The data:
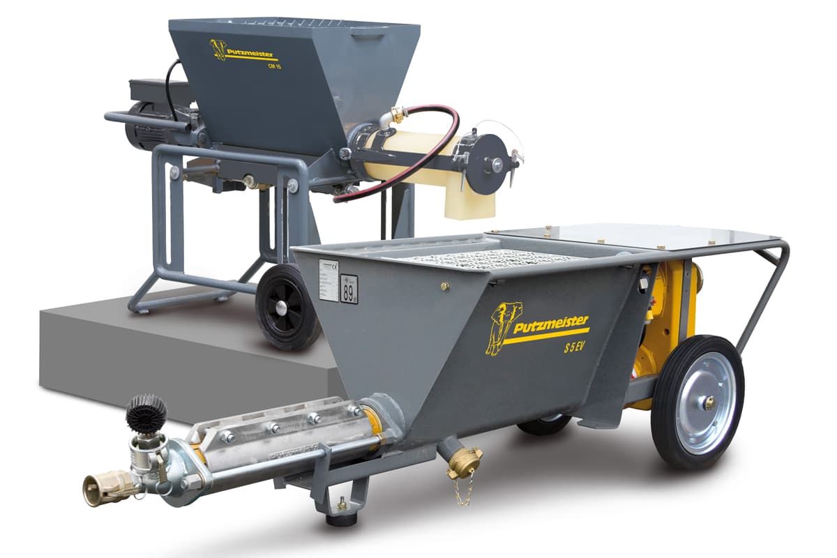Этот насос с электрическим двигателем работает от сети переменного тока напряжением двести двадцать вольт. Он предназначен для непрерывного смешивания компонентов различных густых строительных составов.
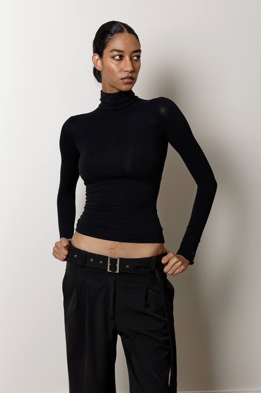Водолазка из тонкой кулирки и удлиненными рукавами
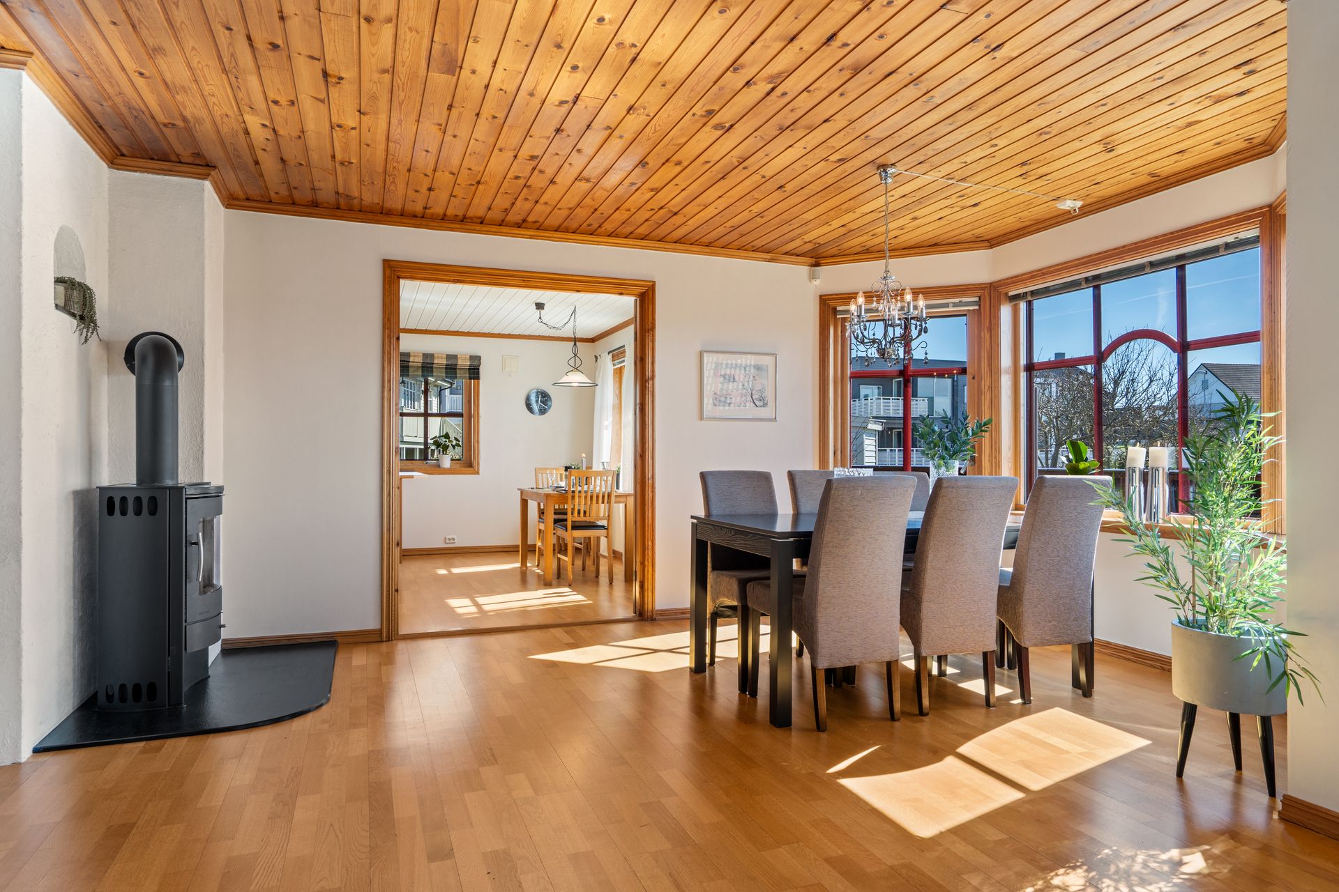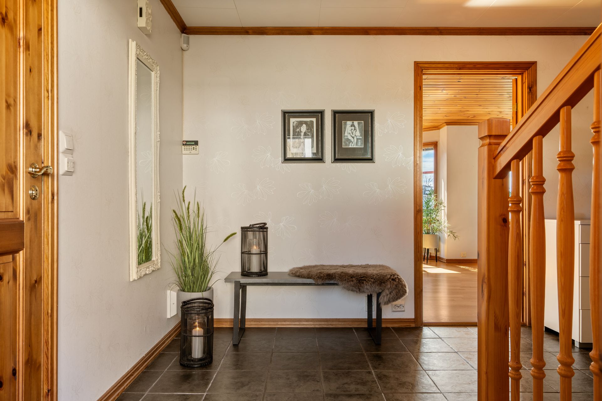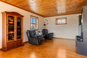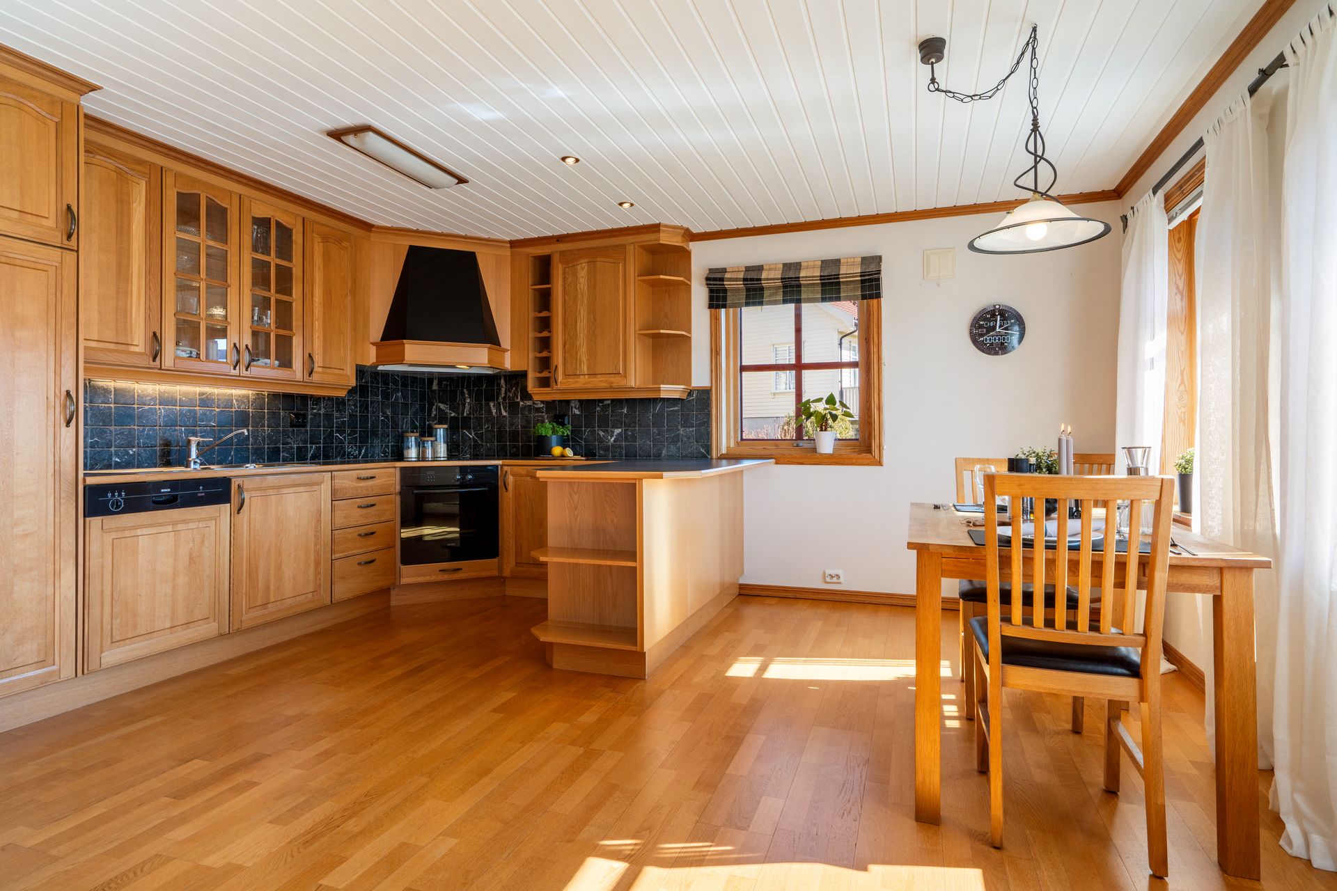 Innvendig: -Første etasje: -Romslig gang med gode oppbevaringsmuligheter. -Bad med tilkomst fra gang. Badet inneholder dusjkabinett, toalett og nyere baderomsmøbel med oppbevaring. Videre fra badet er et praktisk vaskerom m/bi-inngang - perfekt for barnefamilier. -Svært romslig vinkel stue med halvåpen løsning (to- fløyet dør til kjøkkenrommet). God plass til ønsket møblement og rikelig med dagslys gjennom vinduer. I originale bygningstegninger er det stiplet linje ved tv-kroken dersom man har behov for et soverom i hovedetasjen også. Varmepumpe og vedovn som oppvarmingskilder. -Kjøkken rom av god størrelse med mulighet for å skille mellom stue/kjøkken med dør. Romslig kjøkken med god plass til spisegruppe. Kjøkkeninnredning i heltre med integrerte hvitevarer - med god benke og skapplass.
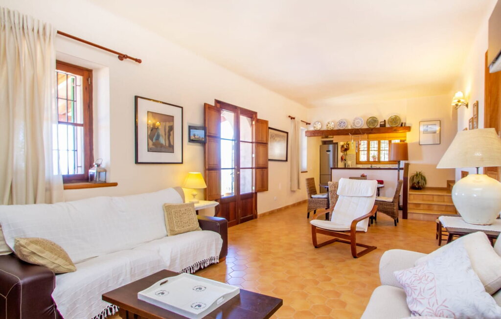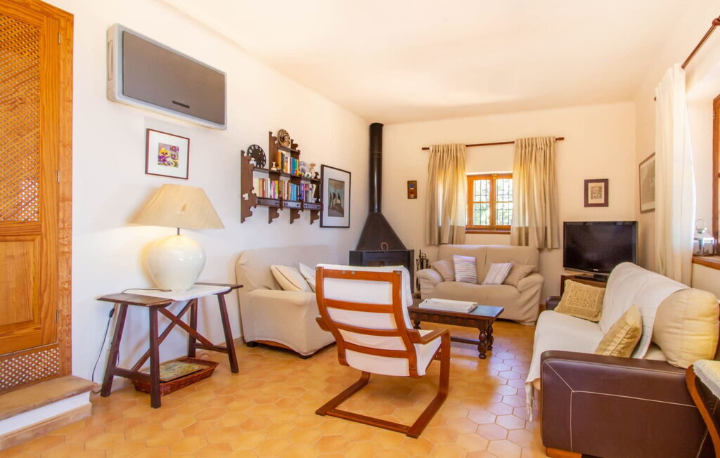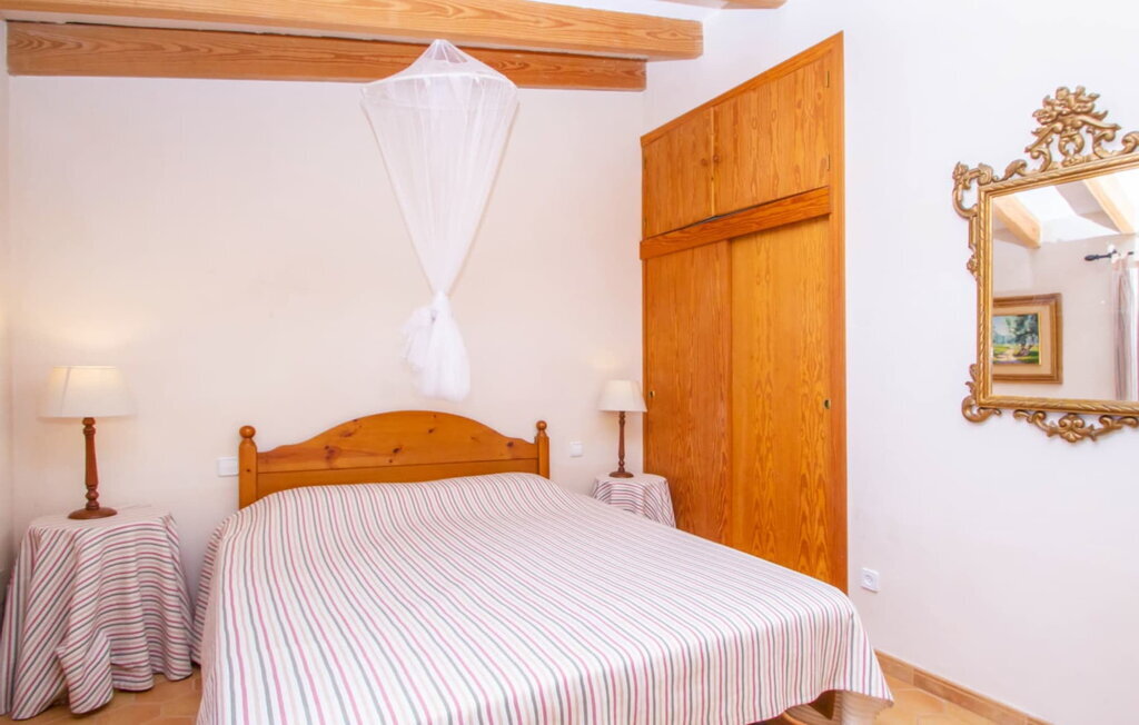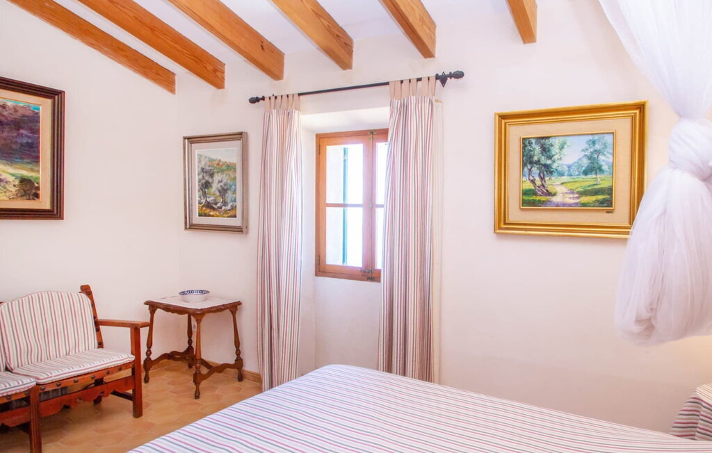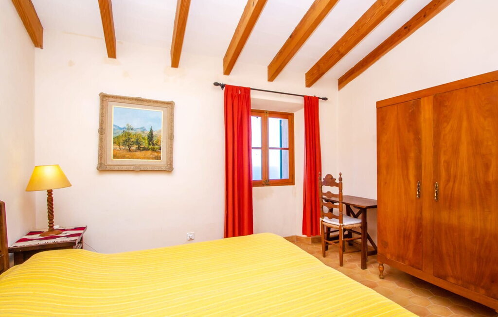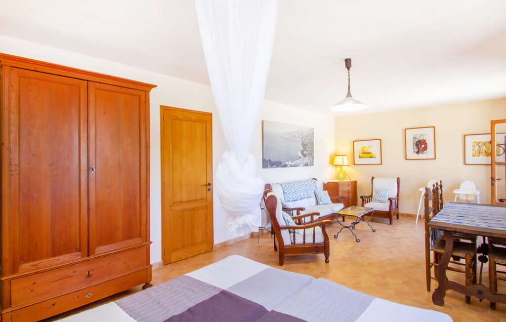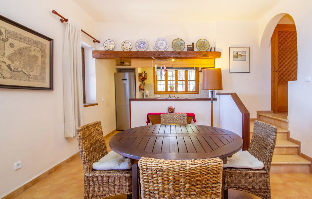 La maison principale s'étend sur deux étages et dispose de deux chambres doubles confortables, d'une salle de bains avec douche et d'un WC supplémentaire. La cuisine ouverte est entièrement équipée et le salon/salle à manger est l'endroit idéal pour se détendre. Une annexe avec entrée séparée offre un espace de vie supplémentaire, une chambre double spacieuse avec salle de bain privée et est donc idéale pour les groupes à la recherche d'intimité. La climatisation assure le confort pendant les chaudes nuits d'été, tandis que le mobilier reflète le style authentique de Majorque, parfait pour s'immerger dans la culture locale.
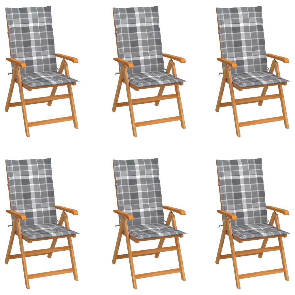 havestole 6 stk. gråternede hynder massivt teaktræ
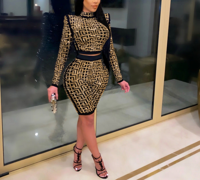 2021 Styles Women Fashion INS Styles Fashion Autumn Sequins Two Piece SetSKU: #CF27104-2
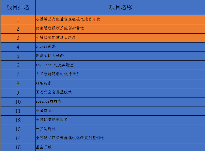 本次大赛经过前期严格筛选,共15个优秀项目进入了本次大赛,每个路演完毕后,投资人对项目进行点评,评分方式:每个项目打70-100分,去掉一个最高分和一个最低分,平均得分为最终得分,项目最终得分如下:
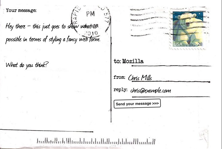 Let's look at a concrete example of how to style an HTML form. We will build a fancy-looking "postcard" contact form; see here for the finished version.
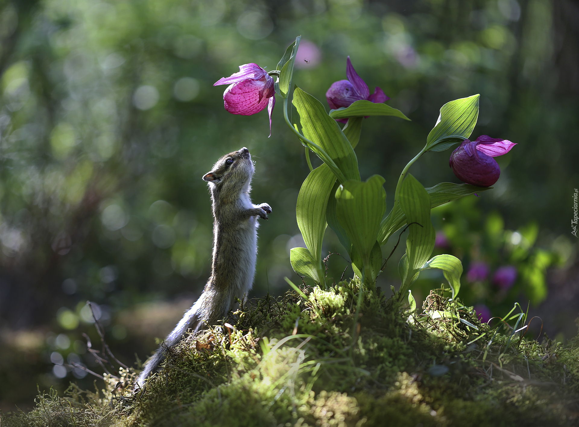 Edytor tapety: Pręgowiec obok fioletowych kwiatków

Exercise: Once the line containing "Водолазка из тонкой" has been copied, stop; everything from the first line of the data up to it must be copied exactly, without pictures.

Answer to this problem:
Этот насос с электрическим двигателем работает от сети переменного тока напряжением двести двадцать вольт. Он предназначен для непрерывного смешивания компонентов различных густых строительных составов.
Водолазка из тонкой кулирки и удлиненными рукавами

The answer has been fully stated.